Brief >>
Restate all the lines below word for word, but omit the pictures.

Stored items >>

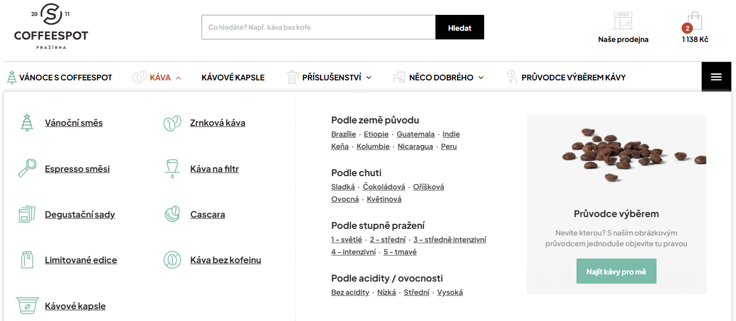 Ukázka kombinace SEO a UX drop-down menu na míru pro kategorii Káva (Klient: COFFEESPOT | UX: Lukáš Dubina)
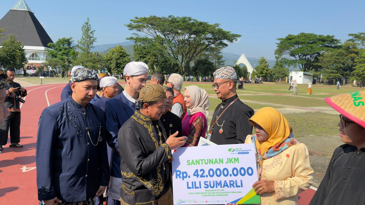 SUMEDANG – Dalam rangkaian Upacara Peringatan Hari Jadi Sumedang (HJS) ke-448, Pemerintah Daerah Kabupaten Sumedang menyerahkan santunan Jaminan Kematian (JKM) sebesar Rp42.000.000 kepada ahli waris peserta, Senin (20/4/2026).
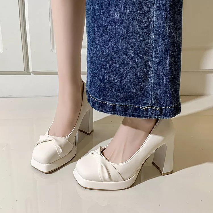 Decolte Donna Con Tacco Alto 10 cm Stile Francese Plateau Eleganti Beige CF65397
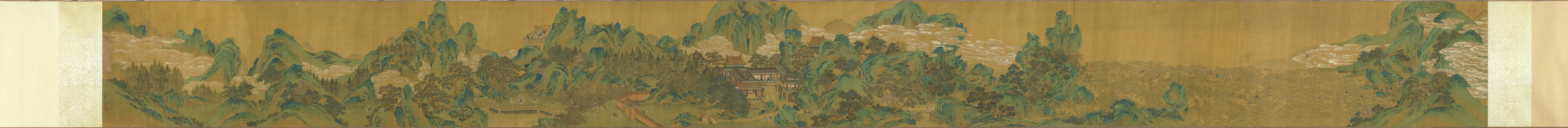 形制尺寸:卷轴,绢本,青绿设色,440.5×40厘米
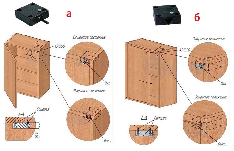 В случае установки концевого выключателя для распашной двери, его фиксируют при помощи саморезов внутри шкафа. В закрытом состоянии дверь прижимает кнопку, размыкает цепь и освещение не работает. В открытом — дверь отпускает кнопку и включается освещение.
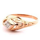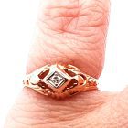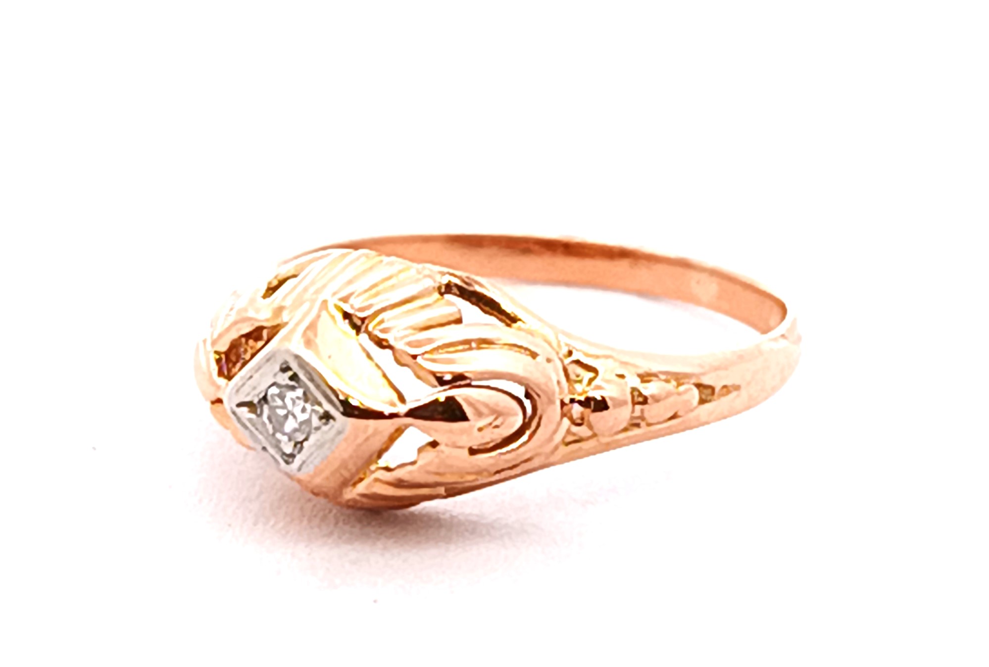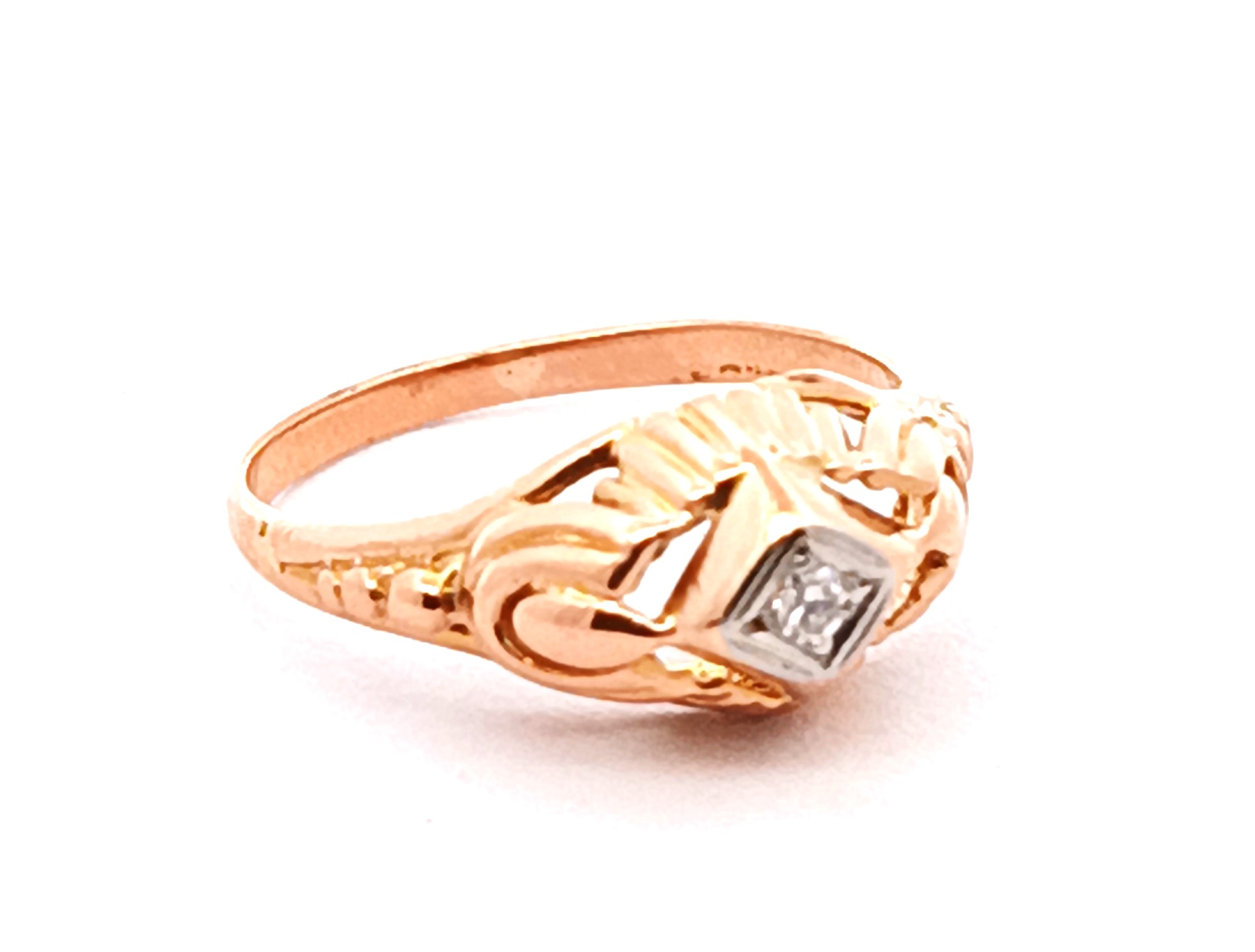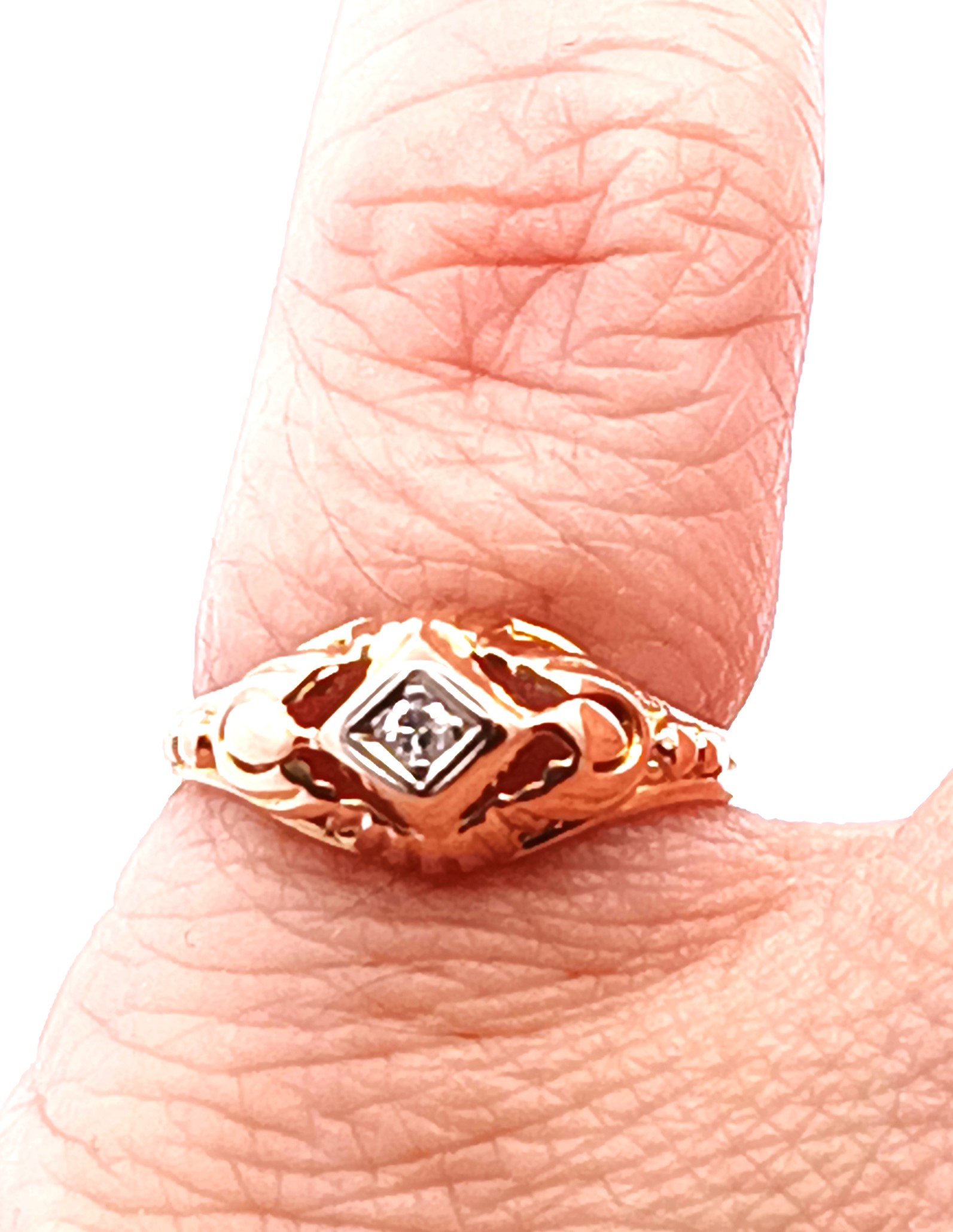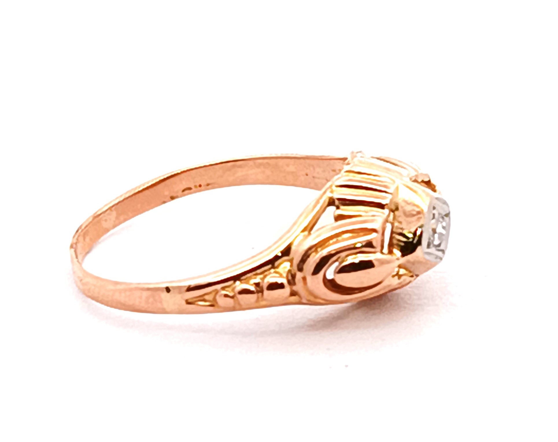 Anillo solitario antiguo realizado en oro 18k con detalle de engarce sobre platino 950 , con brillante central.

Exercise output >>
 Ukázka kombinace SEO a UX drop-down menu na míru pro kategorii Káva (Klient: COFFEESPOT | UX: Lukáš Dubina)
 SUMEDANG – Dalam rangkaian Upacara Peringatan Hari Jadi Sumedang (HJS) ke-448, Pemerintah Daerah Kabupaten Sumedang menyerahkan santunan Jaminan Kematian (JKM) sebesar Rp42.000.000 kepada ahli waris peserta, Senin (20/4/2026).
 Decolte Donna Con Tacco Alto 10 cm Stile Francese Plateau Eleganti Beige CF65397
 形制尺寸:卷轴,绢本,青绿设色,440.5×40厘米
 В случае установки концевого выключателя для распашной двери, его фиксируют при помощи саморезов внутри шкафа. В закрытом состоянии дверь прижимает кнопку, размыкает цепь и освещение не работает. В открытом — дверь отпускает кнопку и включается освещение.
 Anillo solitario antiguo realizado en oro 18k con detalle de engarce sobre platino 950 , con brillante central.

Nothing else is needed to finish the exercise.